▸ **TASK INSTRUCTIONS**
Print exactly, and only, the lines from the one containing "Start at the" through the last line of the records below, both included; leave out the pictures.

▸ **Data extracted from a collection**
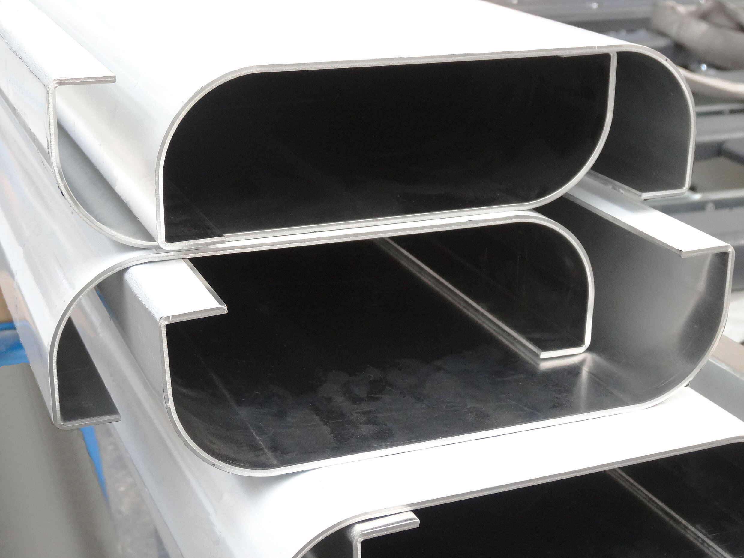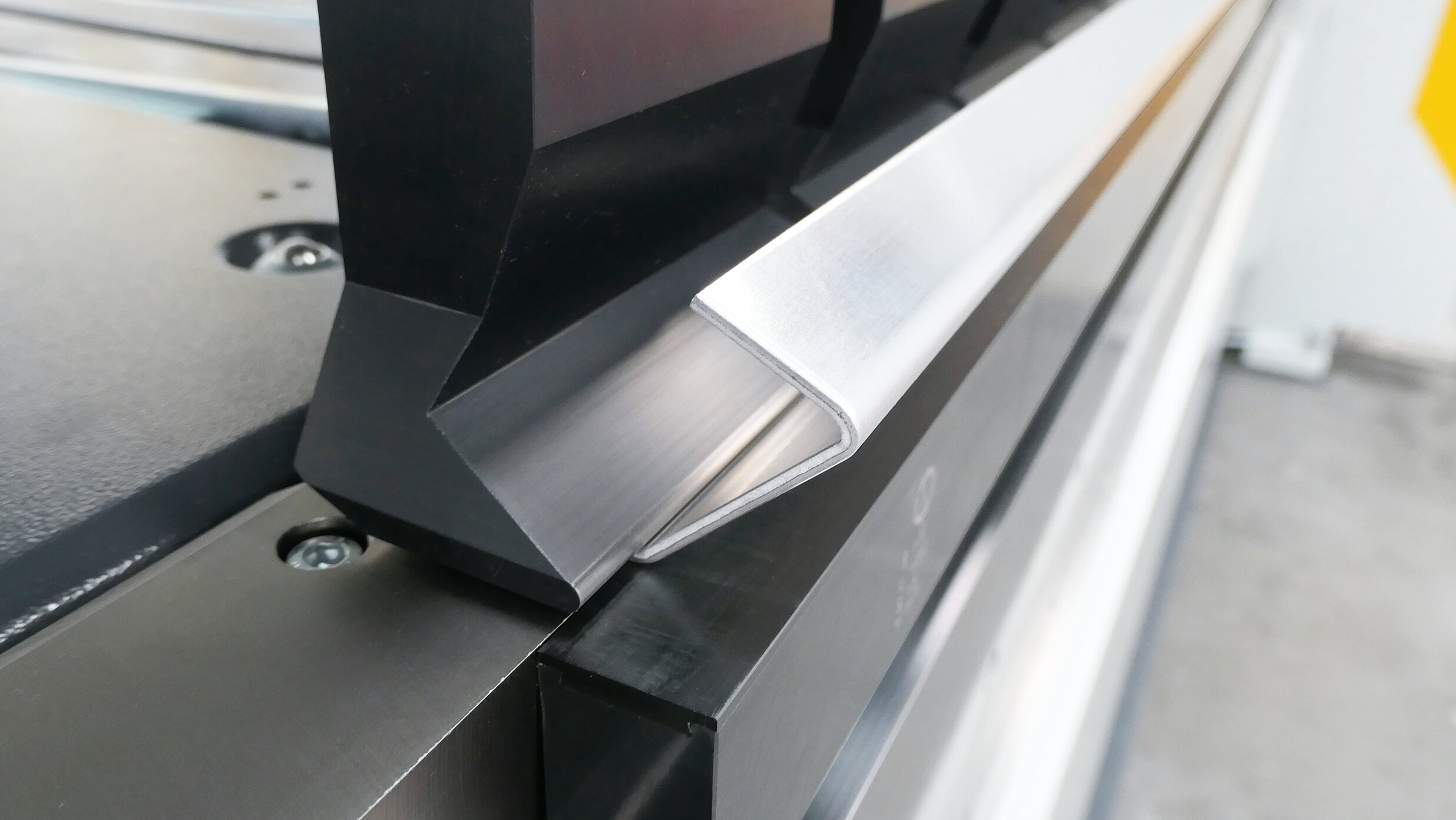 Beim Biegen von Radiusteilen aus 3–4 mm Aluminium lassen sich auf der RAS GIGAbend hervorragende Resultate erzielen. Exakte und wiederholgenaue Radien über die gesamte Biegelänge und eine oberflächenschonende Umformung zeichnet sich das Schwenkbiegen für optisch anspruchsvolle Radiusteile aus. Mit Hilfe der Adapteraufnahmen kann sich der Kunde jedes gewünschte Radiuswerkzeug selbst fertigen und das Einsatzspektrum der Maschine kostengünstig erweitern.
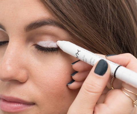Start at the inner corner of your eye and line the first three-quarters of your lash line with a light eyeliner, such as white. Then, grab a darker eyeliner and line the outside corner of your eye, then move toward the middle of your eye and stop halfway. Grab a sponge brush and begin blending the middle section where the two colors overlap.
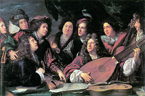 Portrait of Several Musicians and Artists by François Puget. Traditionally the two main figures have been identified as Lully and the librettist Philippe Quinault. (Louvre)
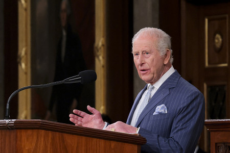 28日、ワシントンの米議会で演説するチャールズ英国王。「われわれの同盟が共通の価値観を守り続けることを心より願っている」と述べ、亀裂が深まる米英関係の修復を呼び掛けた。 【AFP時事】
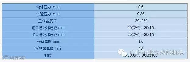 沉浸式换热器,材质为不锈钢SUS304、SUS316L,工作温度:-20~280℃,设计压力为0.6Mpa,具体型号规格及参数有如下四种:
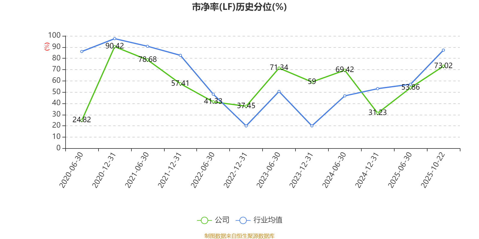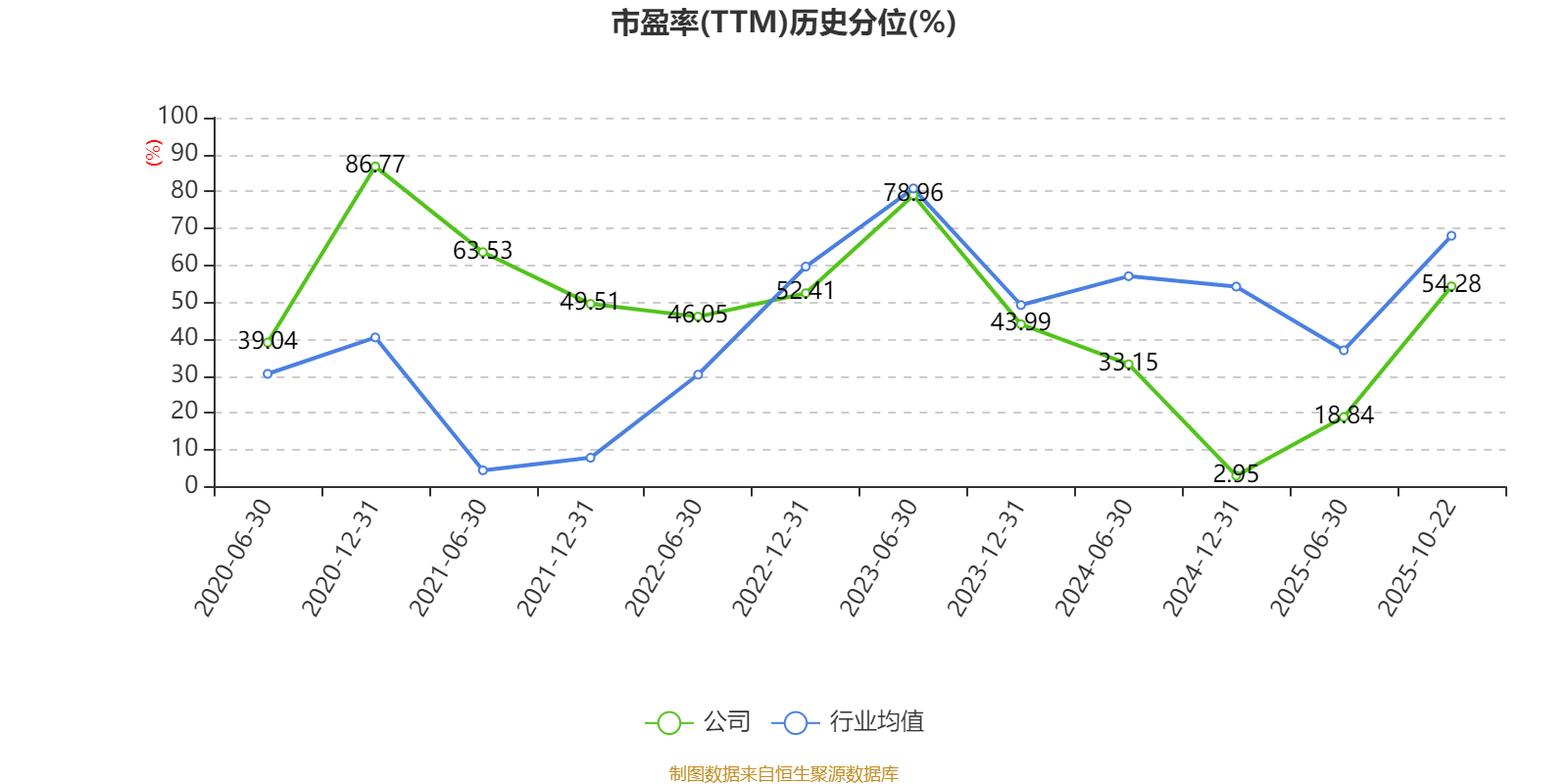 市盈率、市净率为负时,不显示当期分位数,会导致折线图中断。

▸ **SOLUTION FOR THIS TASK**
Start at the inner corner of your eye and line the first three-quarters of your lash line with a light eyeliner, such as white. Then, grab a darker eyeliner and line the outside corner of your eye, then move toward the middle of your eye and stop halfway. Grab a sponge brush and begin blending the middle section where the two colors overlap.
 Portrait of Several Musicians and Artists by François Puget. Traditionally the two main figures have been identified as Lully and the librettist Philippe Quinault. (Louvre)
 28日、ワシントンの米議会で演説するチャールズ英国王。「われわれの同盟が共通の価値観を守り続けることを心より願っている」と述べ、亀裂が深まる米英関係の修復を呼び掛けた。 【AFP時事】
 沉浸式换热器,材质为不锈钢SUS304、SUS316L,工作温度:-20~280℃,设计压力为0.6Mpa,具体型号规格及参数有如下四种:
 市盈率、市净率为负时,不显示当期分位数,会导致折线图中断。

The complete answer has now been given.